MOD_PERL 2 COMPATIBILITY

Since version 1, Apache::SessionManager is fully compatible with both mod_perl generations 1.0 and 2.0.

If you have mod_perl 1.0 and 2.0 installed on the same system and the two uses the same per libraries directory, to use mod_perl 2.0 version make sure to load first Apache2 module which will perform the necessary adjustements to @INC:

PerlModule Apache2
PerlModule Apache::SessionManager

Of course, notice that if you use mod_perl 2.0, there is no need to pre-load the Apache::compat compatibility layer.

Versions of Apache::SessionManager less than 1.00 are mod_perl 1.0 only, so its works fine with mod_perl 2.0 only under Apache::compat.

API OVERVIEW

Apache::SessionManager offers two kinds of interfaces: functional and object oriented.

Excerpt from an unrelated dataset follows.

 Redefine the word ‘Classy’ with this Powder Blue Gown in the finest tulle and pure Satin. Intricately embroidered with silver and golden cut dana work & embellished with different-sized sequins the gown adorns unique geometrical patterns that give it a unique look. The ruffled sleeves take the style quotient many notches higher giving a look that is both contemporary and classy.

For a detailed description for the last one, see "METHODS" section.

The following functions are provided (but not exported) by this module:

Apache::SessionManager::get_session(Apache->request)

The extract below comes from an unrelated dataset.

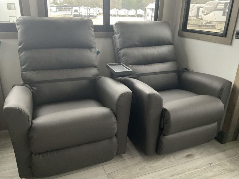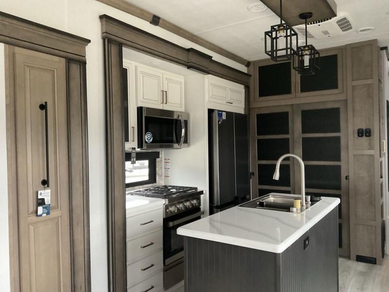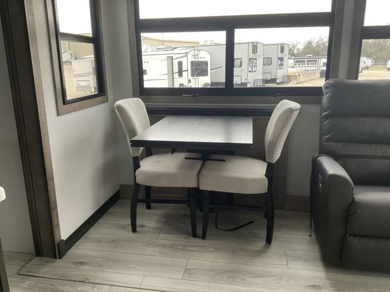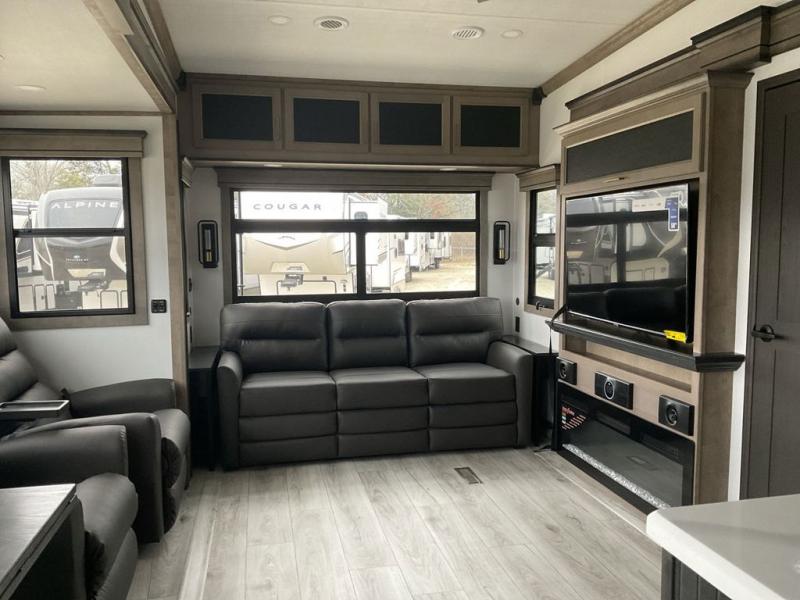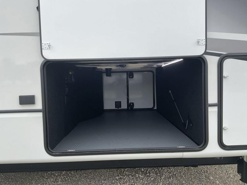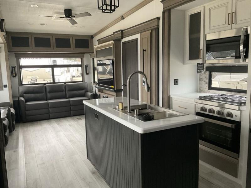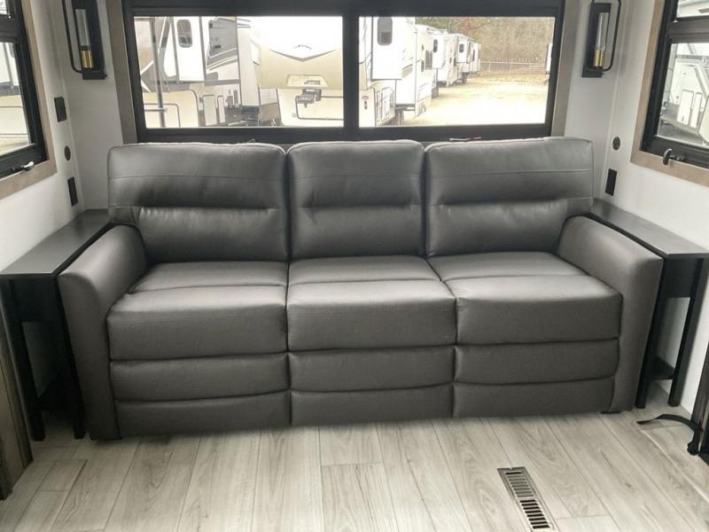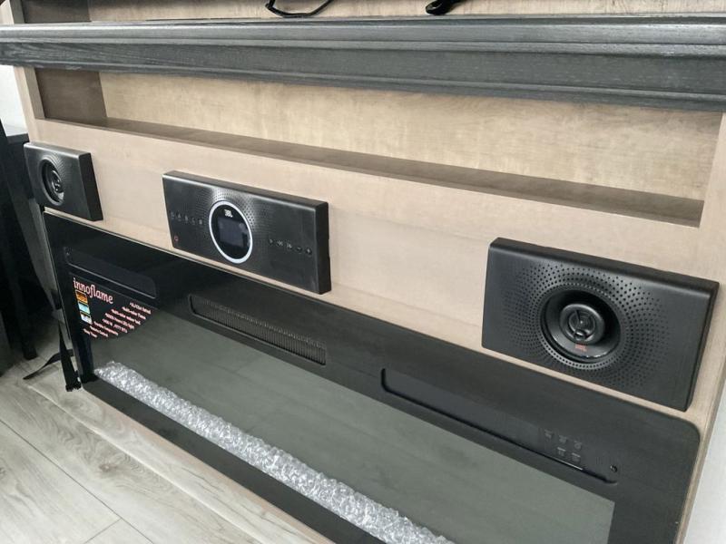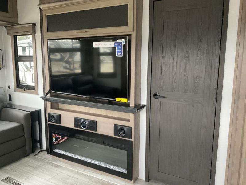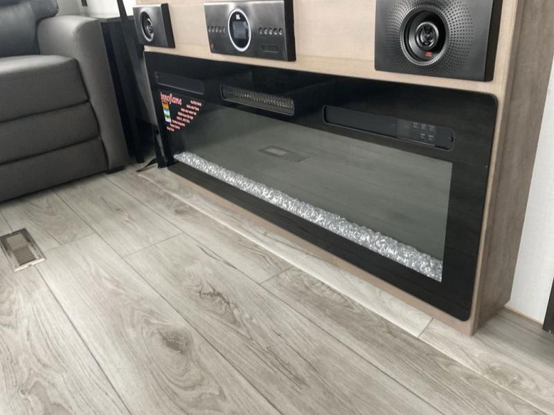 This fifth wheel has everything you need! The front private bedroom has a king bed slide across from a Smart HDTV with a dresser below it, plus a large front closet with a clothing hamper and stackable washer and dryer prep. Freshen up each morning in the full bathroom with the 48" x 30" fiberglass shower with a seat and skylight above for more natural lighting as you get ready. The kitchen has everything you need to prepare your best meals including extra countertop space on the kitchen island. Enjoy your meals at the dinette with storage and then relax on the rear hide-a-bed sofa or the power theater seating across from the entertainment center with a 5,000 BTU decorative fireplace heater and 50" Smart HDTV to watch your favorite movies!

Return an hash reference to current session object.

In a mod_perl module handler:

sub handler {
   my $r = shift;
   my $session = Apache::SessionManager::get_session($r);
   ...
}

In a CGI Apache::Registry script:

my $session = Apache::SessionManager::get_session(Apache->request);
Apache::SessionManager::destroy_session(Apache->request)

Destroy the current session object.

In a mod_perl module handler:

sub handler {
   my $r = shift;
   ...

Apache::SessionManager::destroy_session($r);

   ...
}

In a CGI Apache::Registry script:

Apache::SessionManager::destroy_session(Apache->request);

METHODS

Apache::SessionManager also provides an object oriented interface described in this section. Apache::SessionManager subclass $r Apache request object by adding following methods:

my $r = new Apache::SessionManager(Apache->request)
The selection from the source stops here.